The Presence of Two Receptor-Binding Proteins Contributes to the Wide Host Range of Staphylococcal Twort-Like Phages

Thanks to their wide host range and virulence, staphylococcal bacteriophages (phages) belonging to the genus Twortlikevirus (staphylococcal Twort-like phages) are regarded as ideal candidates for clinical application for Staphylococcus aureus infections due to the emergence of antibiotic-resistant bacteria of this species. To increase the usability of these phages, it is necessary to understand the mechanism underlying host recognition, especially the receptor-binding proteins (RBPs) that determine host range. In this study, we found that the staphylococcal Twort-like phage Phi SA012 possesses at least two RBPs. Genomic analysis of five mutant phages of Phi SA012 revealed point mutations in orf103, in a region unique to staphylococcal Twort-like phages.
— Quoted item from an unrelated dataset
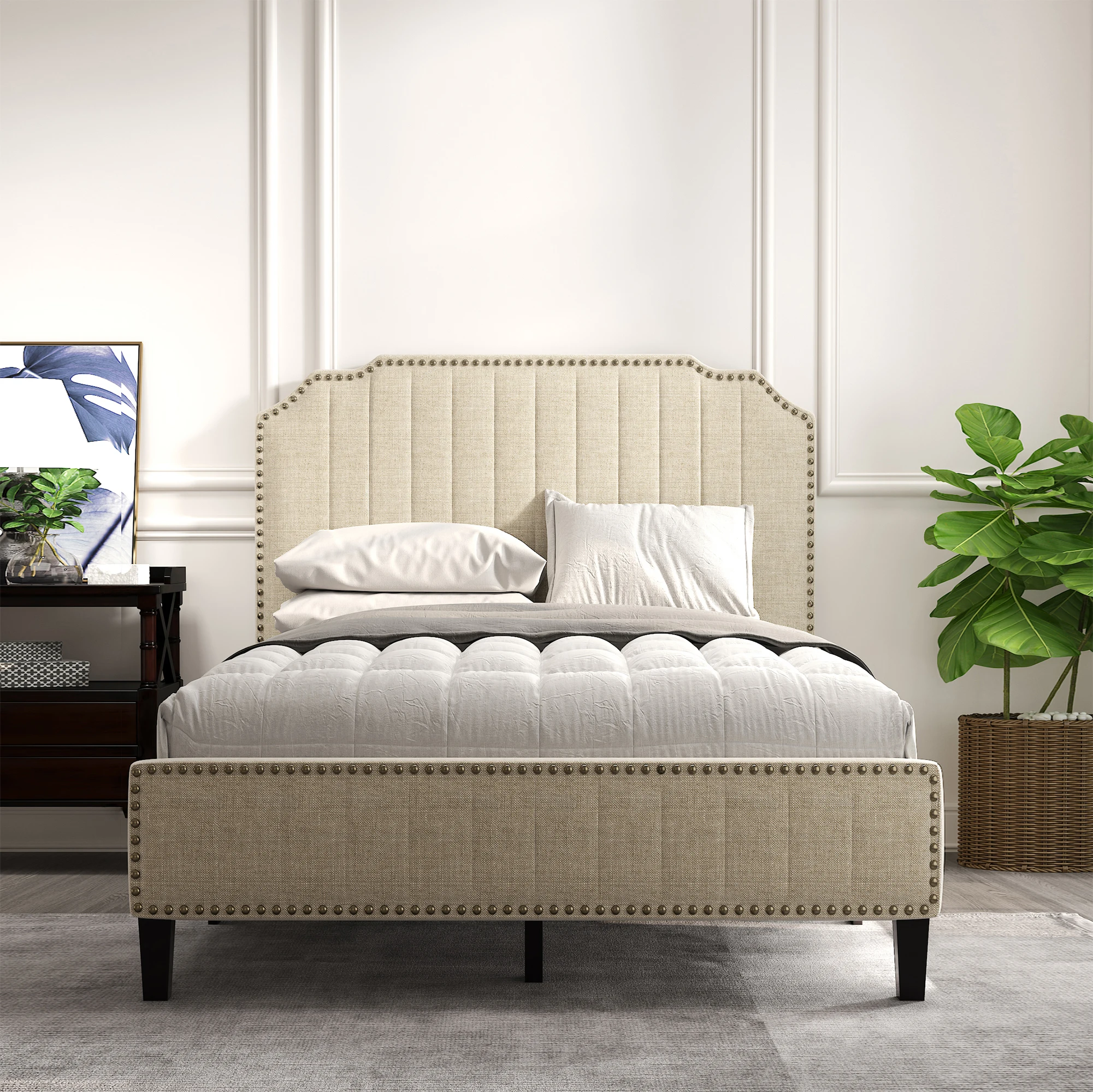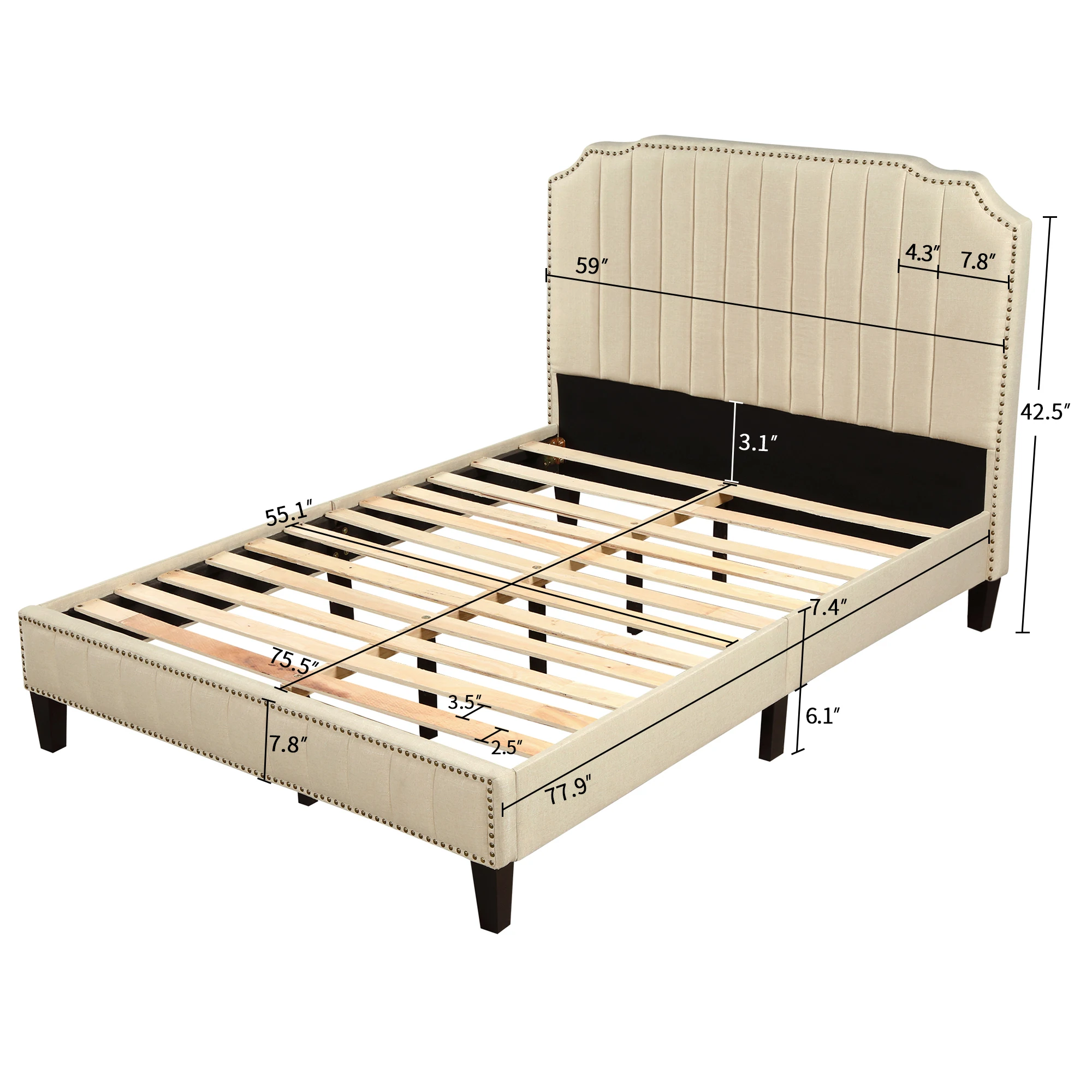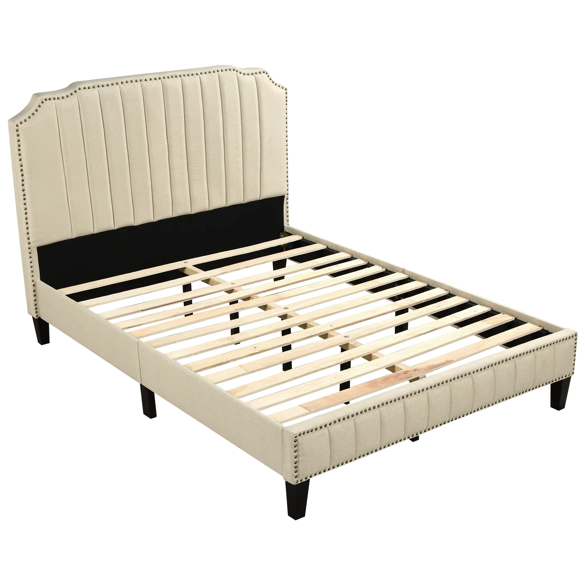 Product Name: الشمال هيكل سرير كتان منحني منجد سرير بلا أرجل مع نايلهيد زخرفة خشب متين لغرفة النوم أثاث منزلي أثاث عصري

Phages harboring mutated ORF103 could not infect S. aureus strains in which wall teichoic acids (WTAs) are glycosylated with alpha-N-acetylglucosamine (alpha-GlcNAc). A polyclonal antibody against ORF103 also inhibited infection by Phi SA012 in the presence of alpha-GlcNAc, suggesting that ORF103 binds to alpha-GlcNAc. In contrast, a polyclonal antibody against ORF105, a short tail fiber component previously shown to be an RBP, inhibited phage infection irrespective of the presence of alpha-GlcNAc. Immunoelectron microscopy indicated that ORF103 is a tail fiber component localized at the bottom of the baseplate. From these results, we conclude that ORF103 binds alpha-GlcNAc in WTAs, whereas ORF105, the primary RBP, is likely to bind the WTA backbone. These findings provide insight into the infection mechanism of staphylococcal Twort-like phages.